## A notebook to collate data from Dimensions Google BigQuery database

### Last updated: 19th January 2023

#### Authors: Charlie Rahal and Saurabh Khanna

Load dependancies:

In [None]:
import pandas as pd
import os
from google.cloud import bigquery
from helper_functions import pub_ids_from_issns, chunker
from tqdm import tqdm
tqdm.pandas()
import warnings
warnings.simplefilter("ignore", UserWarning)

Authenticate with to the bigquery client and project:

In [None]:
MY_PROJECT_ID = "dimensionspkp"
client = bigquery.Client(project=MY_PROJECT_ID)

In [None]:
raw_path = os.path.join("..", "data", "raw")
raw_data = pd.read_csv(os.path.join(raw_path, "ojs_issns_in_dimensions_2020.csv"))
issns_to_query = raw_data["issn"].tolist()
print("Total ISSNs to query: ", len(issns_to_query))

In [None]:
%%time
chunk_size = 1000
file_name = 'pubs_from_all_issns.csv'
file_path = os.path.join('..', 'data', 'raw',
                         'from_dimensions', file_name)
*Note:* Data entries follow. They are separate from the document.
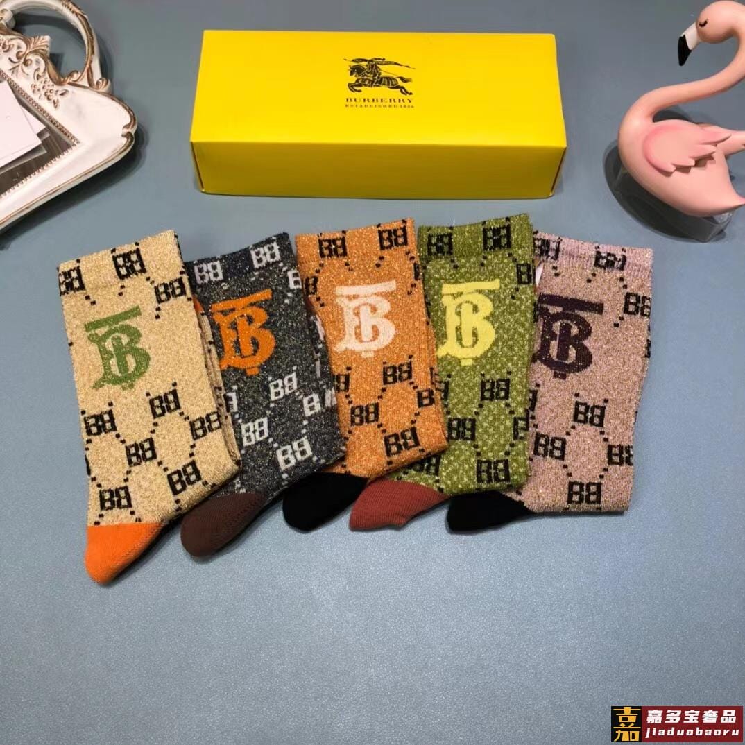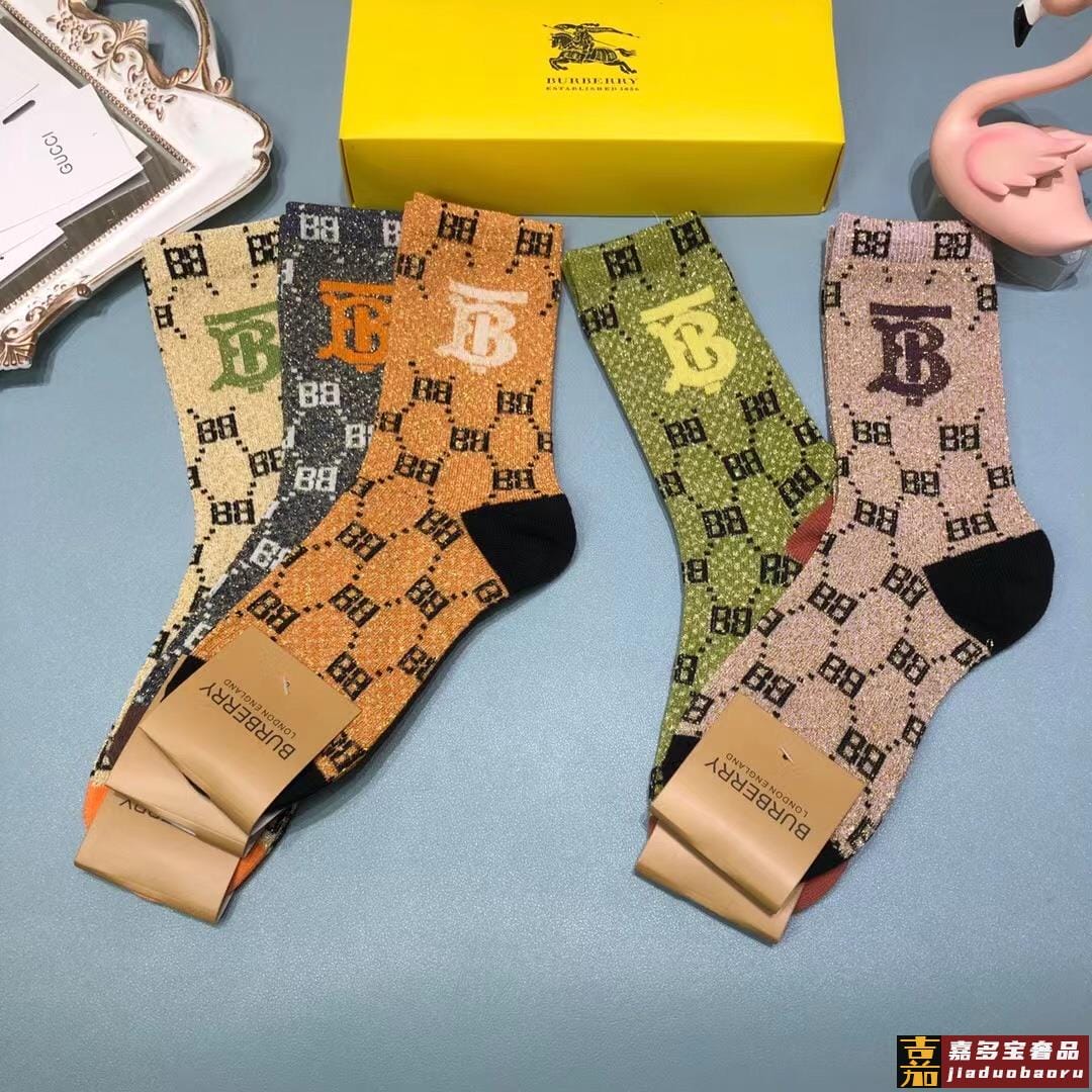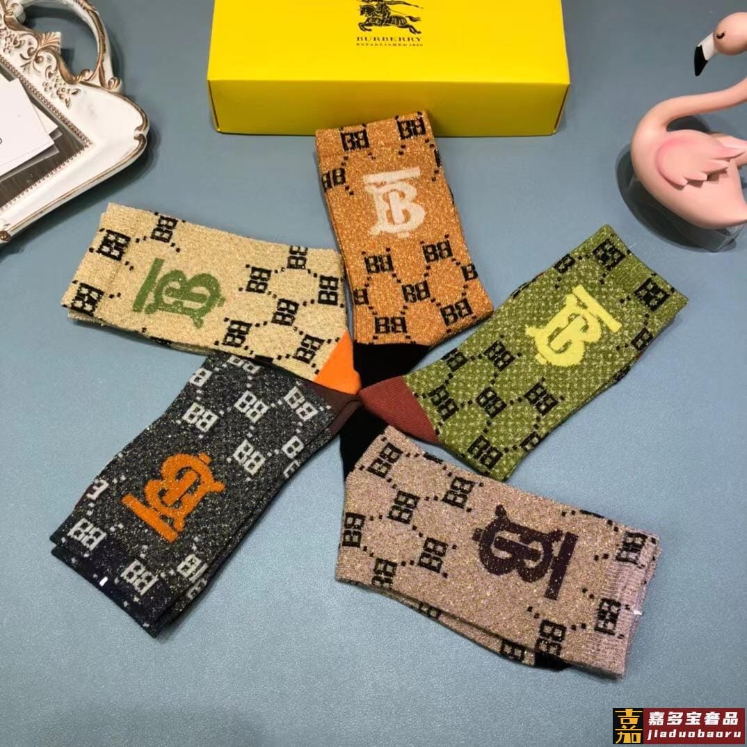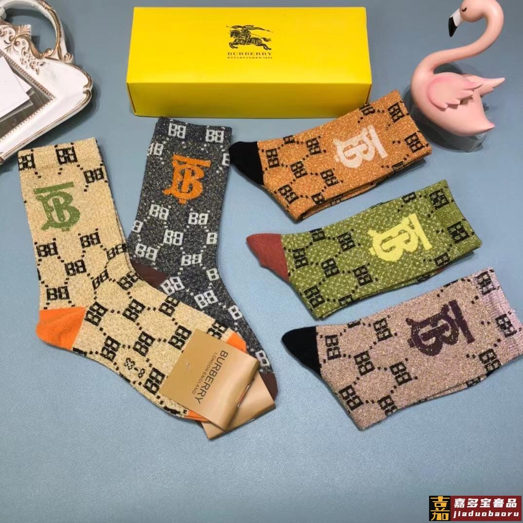 配包装一盒双巴宝莉专柜最新款短款袜子家专柜同步中长袜经典字母
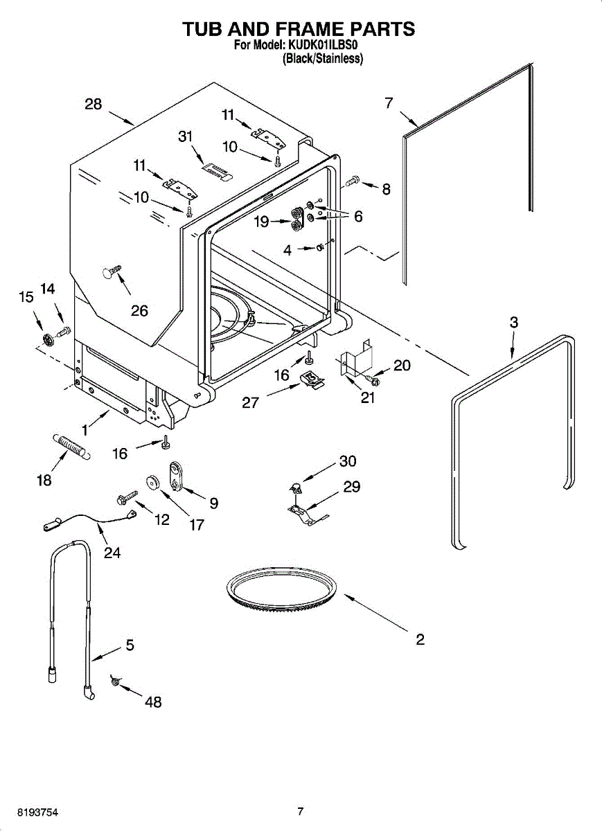 Seals the dishwasher tub to the cabinet opening, reducing noise and preventing gaps. Replace if worn, damaged, or missing for proper fit and sound control.
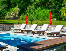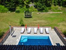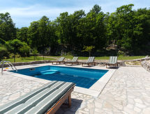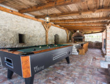 Obiteljska kuća "Natura (OPA150)", na 2 kata. Iznad mjesta Ičići, u zaseoku Puhari 9 km od centra mjesta Lovran, 8 km od centra mjesta Ičići, 9 km od centra mjesta Opatija, 8 km od mora. Za samostalno korištenje: parcela 4'200 m2 - travnjak i drveće, bazen (24 m2, 120 cm dubok, sezonska dostupnost: 02.May. - 07.Oct.). Vanjski tuš, terasa, vrtna garnitura za sjedenje, roštilj. U kući: pristup internetu, biljar, trampolin, perilica za rublje. Parking (za 4 automobila) na parceli. Trgovina 4 km, supermarket 8 km, šljunčana plaža 8 km. Vlasnik ne prihvaća grupe mladih. Smještajna jedinica se sastoji od 2 zasebne kuće koje se iznajmljuju kao cjelina.Interior
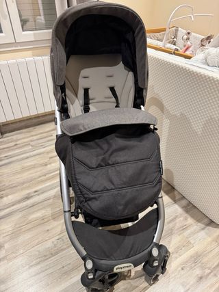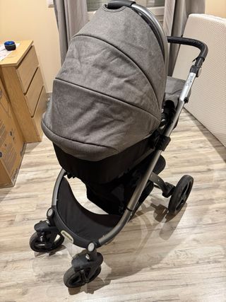 Carro de bebé en tonos grises y negros, con un diseño moderno y funcional. - Capota amplia para proteger del sol. - Asiento acolchado para mayor comodidad. - Arnés de seguridad de 5 puntos. - Reposapiés ajustable. - Ruedas todoterreno.
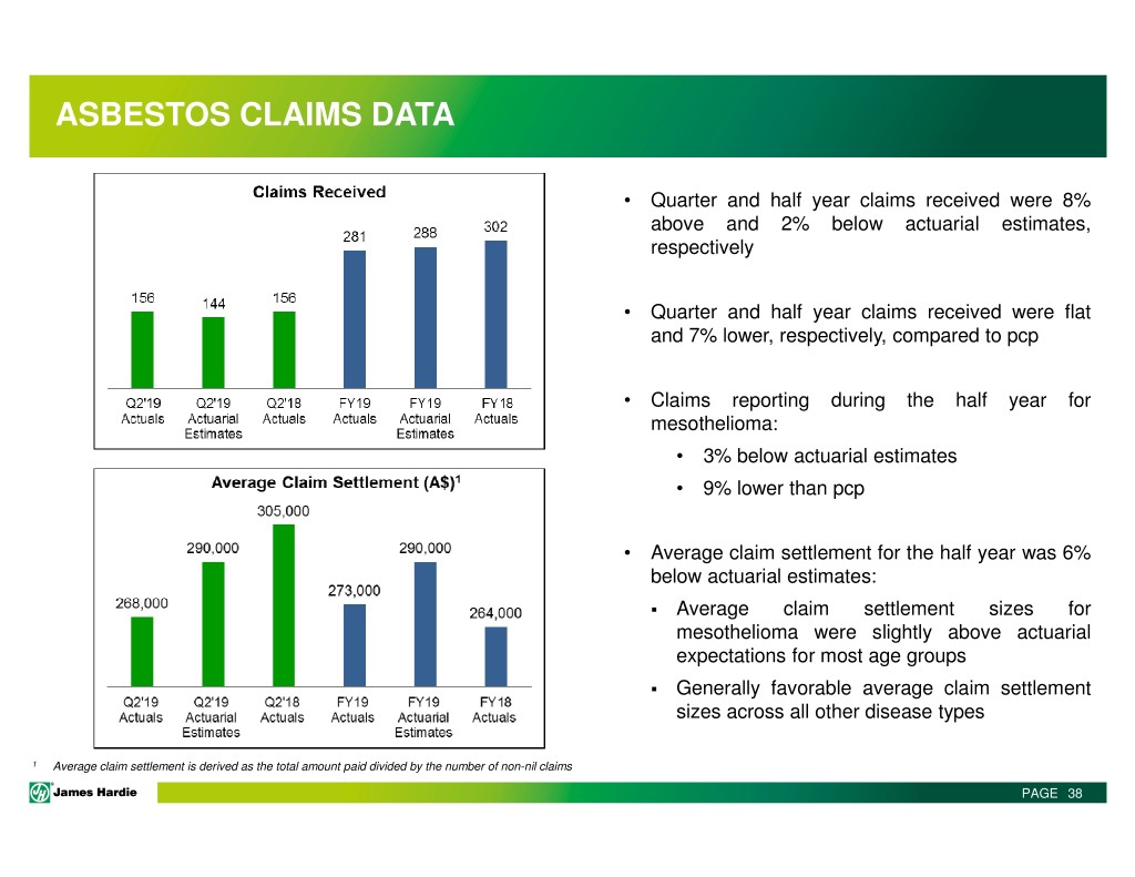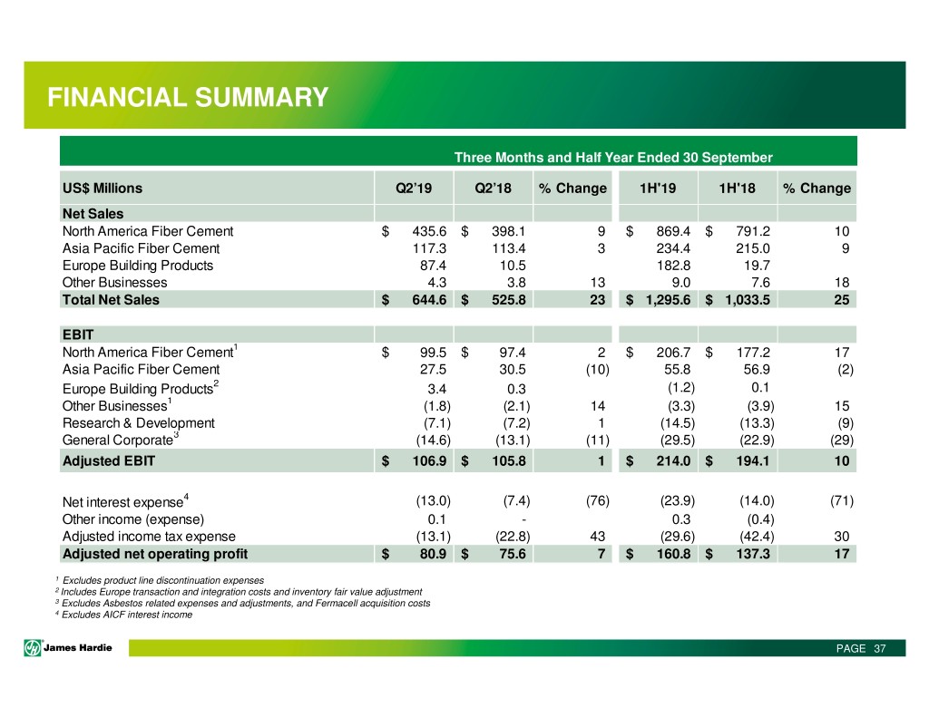 FINANCIAL SUMMARY Three Months and Half Year Ended 30 September US$ Millions Q2’19 Q2’18 % Change 1H'19 1H'18 % Change Net Sales North America Fiber Cement$ 435.6 $ 398.1 9$ 869.4 $ 791.2 10 Asia Pacific Fiber Cement 117.3 113.4 3 234.4 215.0 9 Europe Building Products 87.4 10.5 182.8 19.7 Other Businesses 4.3 3.8 13 9.0 7.6 18 Total Net Sales $ 644.6 $ 525.8 23$ 1,295.6 $ 1,033.5 25 EBIT North America Fiber Cement 1 $ 99.5 $ 97.4 2$ 206.7 $ 177.2 17 Asia Pacific Fiber Cement 27.5 30.5 (10) 55.8 56.9 (2) Europe Building Products 2 3.4 0.3 (1.2) 0.1 Other Businesses 1 (1.8) (2.1) 14 (3.3) (3.9) 15 Research & Development (7.1) (7.2) 1 (14.5) (13.3) (9) General Corporate 3 (14.6) (13.1) (11) (29.5) (22.9) (29) Adjusted EBIT $ 106.9 $ 105.8 1$ 214.0 $ 194.1 10 Net interest expense 4 (13.0) (7.4) (76) (23.9) (14.0) (71) Other income (expense) 0.1 - 0.3 (0.4) Adjusted income tax expense (13.1) (22.8) 43 (29.6) (42.4) 30 Adjusted net operating profit$ 80.9 $ 75.6 7 $ 160.8 $ 137.3 17 1 Excludes product line discontinuation expenses 2 Includes Europe transaction and integration costs and inventory fair value adjustment 3 Excludes Asbestos related expenses and adjustments, and Fermacell acquisition costs 4 Excludes AICF interest income PAGE 37
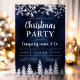 Time to celebrate the holiday season and Christmas with this luxury silver glitter snowflakes sparkles and silver glitter pine tree forest on an elegant festive navy blue watercolor background, featuring a modern cool script font typography, perfect for Christmas corporate business party, employees parties and more! With real silver foil.
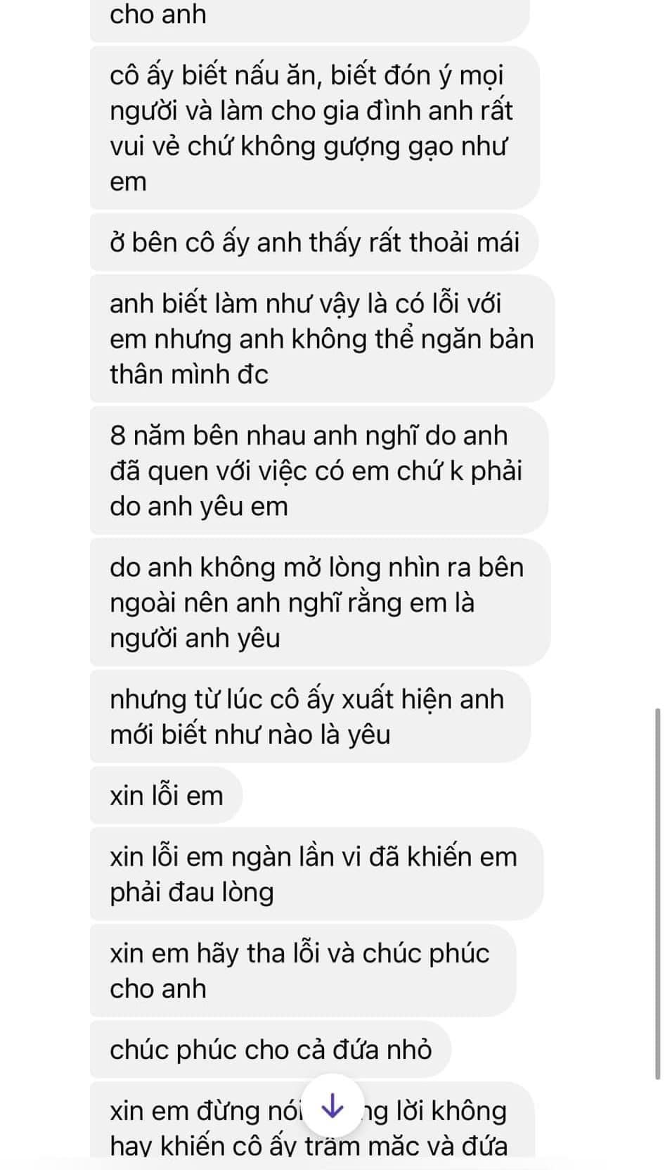 Đau lòng hơn là anh nói cô bé đó đã có thai được 6 tuần, em nghe xong mà em lặng người luôn, em bỏ đi, em không biết nói gì nữa các chị ạ, em đi lang thang 1 ngày 1 đêm, lúc em về phòng thì anh đã dọn đồ đi và nhắn tin cho em như vậy.

# @TODO a better tqdm decorator...
for issn_chunk in tqdm(chunker(issns_to_query, chunk_size)):
    results = pub_ids_from_issns(issn_chunk, client).to_dataframe()
    if os.path.exists(file_path) is False:
        results.to_csv(file_path, mode='w', header=False)
    else:
        results.to_csv(file_path, mode='a', header=False)